Он не стал обращаться к народу, но все же, торжественно подняв правую руку, негромко, чтобы слышали только те, кто был рядом, промолвил:
– Беру Господа в свидетели, что умираю за свободу Германии.
Произнося это, он через цепь солдат бросил в толпу, точь-в-точь как Конрадин[39] перчатку, скрученный носовой платок.
К нему приблизился палач, чтобы остричь волосы, и поначалу Занд воспротивился, но г-н Видеман ему объяснил:
– Это для вашей матушки.
– Слово чести, сударь? – осведомился Занд.
– Слово чести.
– В таком случае стригите, – разрешил Занд.
Ему остригли всего несколько прядей, причем только на затылке, а остальные волосы завязали лентой на макушке. Затем палач связал ему руки на груди, но в этом положении Занду было трудно дышать, кроме того, у него заболела рана, и он невольно опустил голову; тогда ему велели положить руки на бедра и там скрепили их веревками. Когда же ему стали завязывать глаза, он попросил г-на Видемана так наложить повязку, чтобы он до последнего мгновенья мог видеть свет. Эта просьба была исполнена.

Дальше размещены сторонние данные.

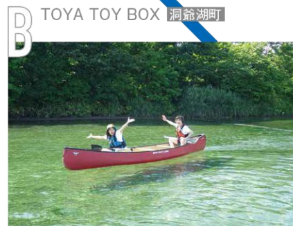
B TOYA TOY BOX 洞爺湖町

В этот миг глубокая, мертвая тишина объяла всю толпу, стоявшую вокруг эшафота. Палач выхватил меч, сверкнувший, как молния, и нанес удар. Чудовищный крик вырвался из двадцати тысяч грудей: голова не упала, она только склонилась на грудь, держась на недорубленном горле. Палач снова взмахнул мечом и на сей раз отрубил вместе с головой часть плеча.
В ту же секунду цепь солдат была прорвана, мужчины и женщины бросились к эшафоту и вытерли всю кровь до последней капли своими носовыми платками; скамью, на которой сидел Занд, разломали в щепки и разделили их между собой; те же, кому их не досталось, отрезали кусочки окровавленных досок эшафота.

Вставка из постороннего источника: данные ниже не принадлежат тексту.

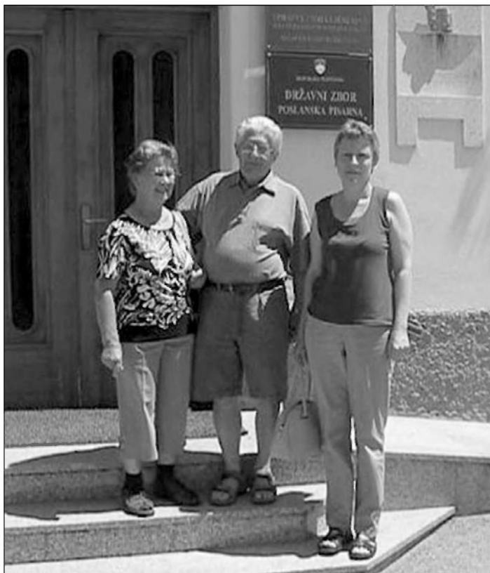
Na potovanju po Avstriji in Sloveniji sta se Švicarja ustavila v pobrateni Občini Velike Lašče.

Od prvega stika z Občino Lutzelfluh letos mineva trinajst let. V teh trinajstih letih smo se spoznavali, učili in kulturno bogatili z različnimi izmenjavami občinskih delegacij, društev, učiteljev, pevcev, učencev, podjetnikov, vzpostavili stike z veleposlaništvu v Bernu in v Ljubljani ter s Švicarji v Sloveniji, podpisali sporazum o pobratenuju obeh občin in skupaj praznovali velike obletnice (Jeremiasa Gotthelpha in Primoža Trubarja).

Тело и голову казненного положили в задрапированный черным гроб и под сильным военным эскортом доставили в тюрьму. В полночь труп Занда тайно, без факелов и без свечей, перевезли на протестантское кладбище, где за год и два месяца до этого был погребен Коцебу. Тихо вырыли могилу, опустили в нее гроб, и все присутствовавшие при погребении поклялись на Евангелии не открывать места, где похоронен Занд, пока их не освободят от этой клятвы. На могилу уложили предусмотрительно снятый дерн, чтобы не было видно свежей земли, после чего ночные могильщики разошлись, оставив у входа караул.
И вот так на расстоянии шагов двадцати друг от друга покоятся Занд и Коцебу. Коцебу – напротив ворот, на самом видном месте кладбища под надгробием, на котором выбита следующая надпись:
Могилу Занда надо искать напротив этого помпезного монумента, воздвигнутого, как мы уже говорили, на самом видном месте – в дальнем углу кладбища слева от ворот; над ней никакой надписи и растет только дикая слива, с которой каждый посетитель срывает на память несколько листков.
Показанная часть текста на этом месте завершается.